Tail call optimization in Racket

Question

I was doing SICP exercise 2.28 and stumbled upon a strange behaviour of the following code:

(define (fringe tree)
  (cond
    ((null? tree) '())
    ((not (pair? tree)) (list tree))
    (else (append (fringe (car tree)) (fringe (cdr tree))))))

(define (fringe-tail tree)
  (define (fringe-iter tree result)
    (cond
      ((null? tree) result)
      ((not (pair? tree)) (list tree))
      (else (fringe-iter (cdr tree) (append result (fringe-tail (car tree)))))))
  (fringe-iter tree '()))

(define x (make-list (expt 10 4) 4))
(time (fringe x))
(time (fringe-tail x))

Ordinary fringe runs much faster than its iterative version fringe-tail:

cpu time: 4 real time: 2 gc time: 0

vs.

cpu time: 1063 real time: 1071 gc time: 191

It looks like fringe was optimized into loop and avoids any allocations, while fringe-tail runs much slower and spends time creating and destroying objects.

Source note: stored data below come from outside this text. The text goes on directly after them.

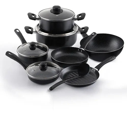 🍳 Batería Universal Ultra 12 Piezas 🍳 ¡Tu cocina lista para todo! Con esta batería antiadherente de 6 capas, los alimentos conservarán su sabor y nutrientes en cada preparación.
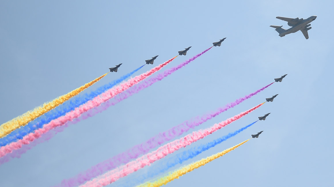 我國(guó)閱兵史上規(guī)模最為龐大的空中梯隊(duì)臨空接受檢閱
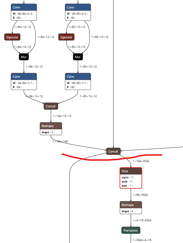 我們會建議您從onnx model剪掉Concat下面,Slice以下(包含Slice)的operators,將這些operators寫成postprocess function

Can anyone explain this to me? (Just in case I'm using racket 5.2.1)

Answer 1

If you replace the last clause with:

(else (fringe-iter (cdr tree) (append (fringe-tail (car tree)) result)))

then they run at the same speed for that input, and the tail-recursive version is faster for larger input.

The problem is that you're appending the much longer list for the cdr on to the front, which traverses and allocates much more than the naive version, which appends the fringe of the car on to the front.